Manuel Moreira da Silva analisa as relações entre lógica e metafísica em Hegel

Longe de uma perspectiva binária, que percebe lógica e metafísica em separado, Hegel aborda a temática em perspectiva. “A Lógica especulativa ou a verdadeira metafísica não é, para Hegel, uma lógica e uma metafísica; ela é, a um tempo, lógica e metafísica. Sua principal característica radica no estabelecimento de um novo método científico, o método especulativo, entendido como ‘a consciência sobre a forma do automovimento interior do conteúdo desta’, procedimento que consiste em observar sem intervir e, portanto, em deixar a própria coisa — no caso, as chamadas essencialidades espirituais — mostrar-se ao pensamento e no pensamento”, explica Manuel Moreira da Silva, em entrevista por e-mail à IHU On-Line.

Um dos aspectos do pensamento de Hegel, dentre tantos, que o entrevistado destaca, é a forma como o autor associa a consciência de liberdade a uma ideia de progresso. “Isso significa, portanto, que a importância da Ciência da Lógica consiste numa dedução especulativa da liberdade enquanto modo de ser próprio do humano na época moderna e, com isso, sua concepção do progresso como progresso da consciência da liberdade, sendo essa, enfim, sua atualidade”, observa.

Manuel Moreira da Silva é graduado e mestre em Filosofia pela Universidade Federal de Minas Gerais – UFMG e doutor em Filosofia pela Universidade Estadual de Campinas - Unicamp. Atualmente, é professor adjunto da Universidade Estadual do Centro-Oeste (Guarapuava/PR).

Confira a entrevista.

 

IHU On-Line - Em que consiste o projeto hegeliano de unificação da Lógica e da Metafísica?

Manuel Moreira da Silva - O projeto hegeliano de unificação da Lógica e da Metafísica consiste numa tentativa de refundação destas ciências no quadro teórico da assim chamada filosofia especulativa pura, isto é, da Lógica especulativa, que Hegel também designa como a verdadeira metafísica. Essa na qual, mediante a identificação do lógico e do metafísico, desaparece a cisão de forma e de conteúdo ou entre método e princípio; situação em que os segundos não mais se apresentam como exteriores em relação aos primeiros. Em vista disso, o referido projeto retoma e desenvolve o programa da metafísica entendida como ciência transcendental — iniciado por Duns Scotus  e, como tal, sistematizado por Christian Wolff  —, sob o influxo do programa kantiano  de uma Lógica transcendental, no que tange ao conteúdo especulativo, em oposição dialética ao programa crítico. Esse, por sua vez, ao inverter o procedimento usual da metafísica, que partia das coisas ou dos objetos dados para estabelecer um conhecimento a priori sobre os mesmos, ao partir do conhecer, ou do sujeito, concebe o transcendental apenas enquanto condição de possibilidade do conhecimento empírico, bem como as intuições, categorias e juízos aprióricos tão só enquanto leis do conhecimento da realidade, mas não também como leis da realidade.
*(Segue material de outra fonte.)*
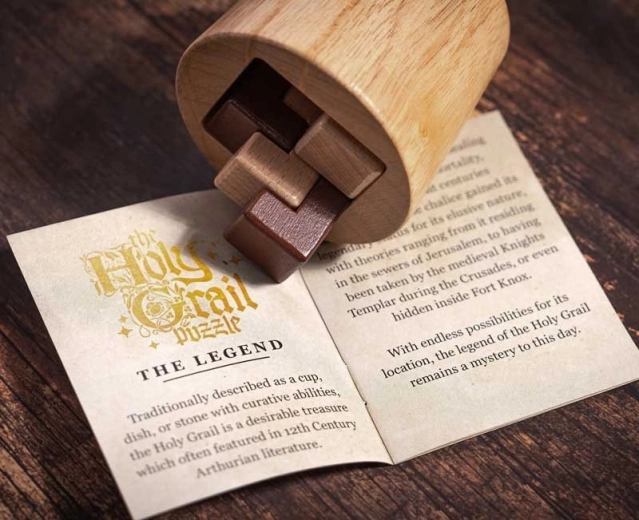 S hlavolamem Svatý Grál vstoupíte do světa mýtů a legend. Tento nádherný dřevěný a kovový hlavolam je součástí kolekce, která přináší nejúžasnější příběhy světa. Vyřešte hlavolam, uvolněte dřevěné bloky z kalicha a prozkoumejte tajemství ukryté relikvie.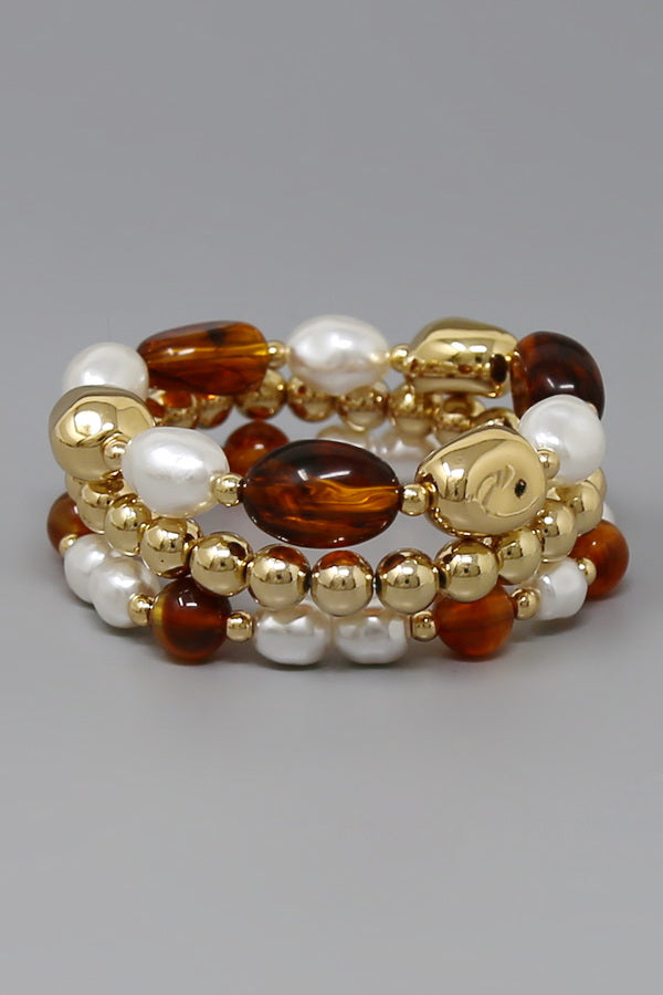 Pearl Station Beaded Stretch Bracelet Set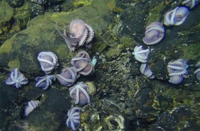 Hàng chục con bạch tuộc này được tìm thấy sâu bên trong một bãi đá dưới biển trong khi các nhà địa chất học khám phá và thu thập các mẫu chất lỏng ấm nổi lên từ các vết nứt trên đá núi lửa. Những con bạch tuộc này thuộc về chi Muusoctopus, đó là những sinh vật màu hồng với đôi mắt to.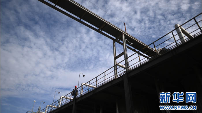 一名工作人员在青海盐湖蓝科锂业股份有限公司生产区内巡检(6月9日摄)。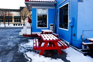 The photograph captures a vibrant blue coffee bar nestled in a wintry landscape, with red picnic tables partially dusted with snow. The contrast of colors creates a cozy yet striking mood, inviting warmth against the cold surroundings. Soft lighting enhances the inviting atmosphere, while the empty tables suggest a tranquil moment waiting for customers to enjoy a warm drink.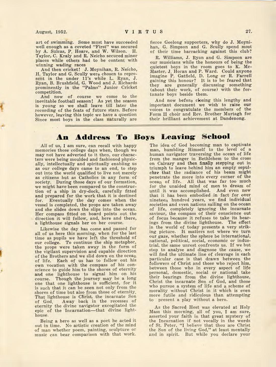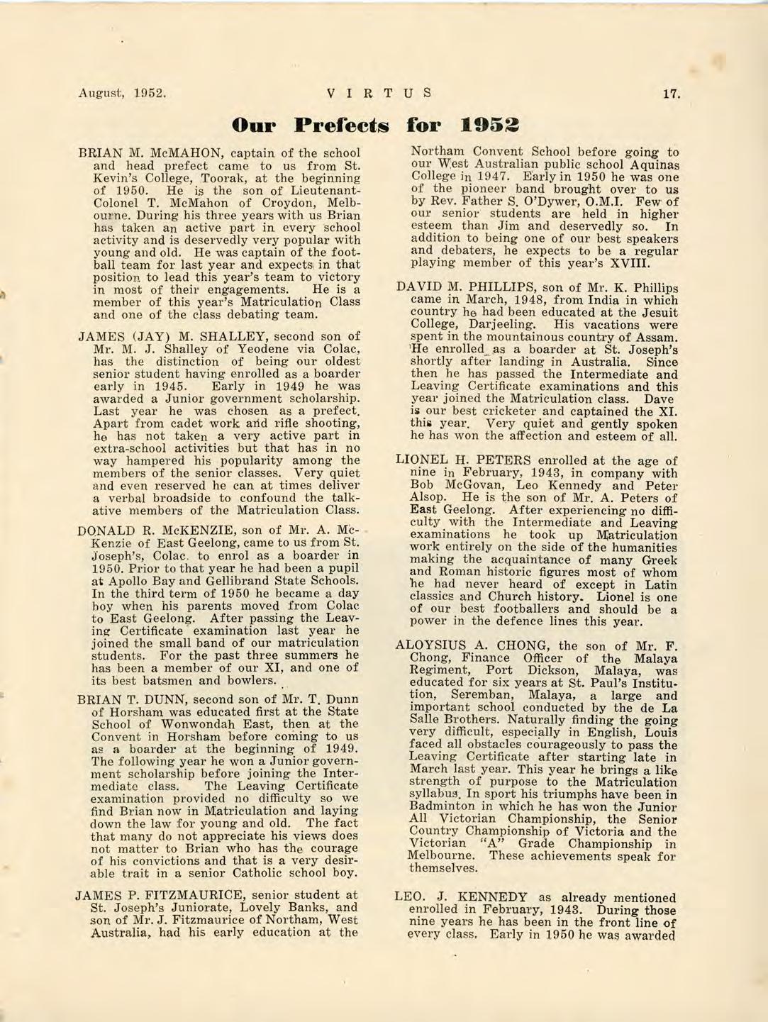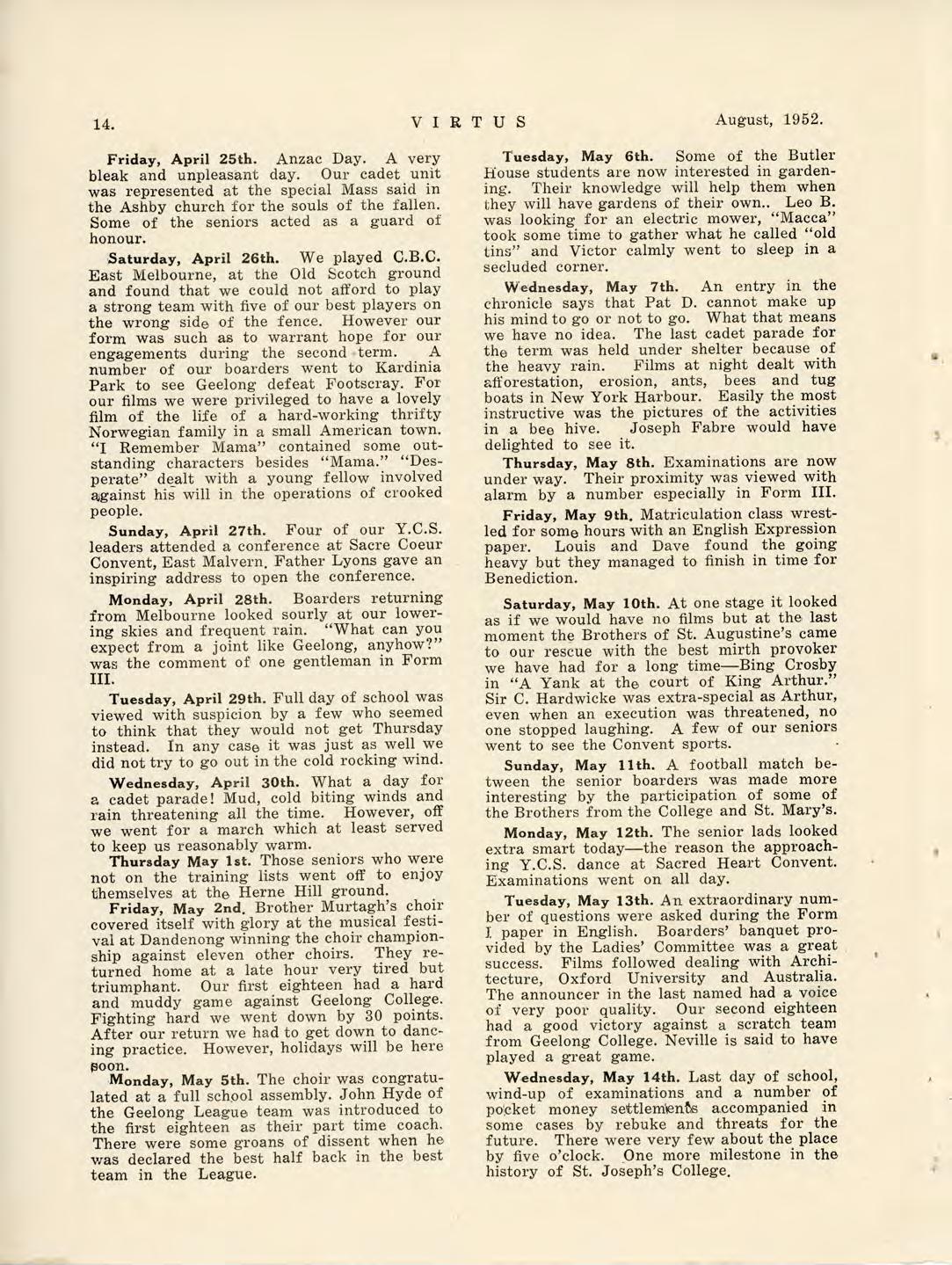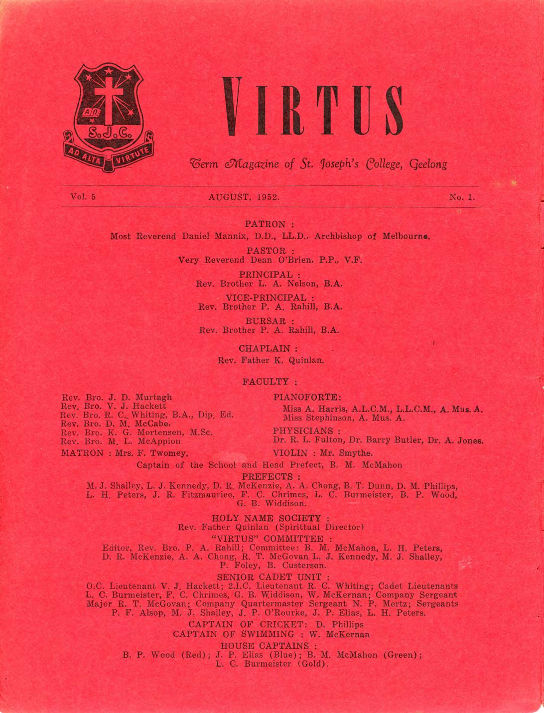 Virtus August 1952 by St Joseph's College Geelong - Issuu

Neste sentido, mediante o que Hegel denomina a verdadeira crítica das formas de pensar puras — que as considera segundo o conteúdo particular delas próprias, ou seja, a realidade formal e a realidade objetiva das mesmas —, o seu projeto apresenta o automovimento do conteúdo imanente àquelas formas. Isso, ao mesmo tempo em que as assume enquanto determinações do conteúdo e, em vista disso, igualmente, aquele automovimento como a reflexão (Reflexion) do próprio conteúdo; logo, do pensar ou do conceito que — embora em seu início e em seu progresso, ambos para nós, se apresente respectivamente apenas em si (ou como ser puro) ou somente enquanto posto (ou como essência) — se determina no fim enquanto em si e para si ou, a rigor, em si e para si mesmo. Quando então Hegel pode afirmar que as determinações da Lógica especulativa são infinitas ou em si e para si mesmas; portanto conceitos, mais propriamente, determinações formais do conceito ou antes da ideia, da ideia pura ou absoluta.

 

IHU On-Line - Nesse caso, em que medida se pode falar em legitimidade e deslegitimação epistêmicas?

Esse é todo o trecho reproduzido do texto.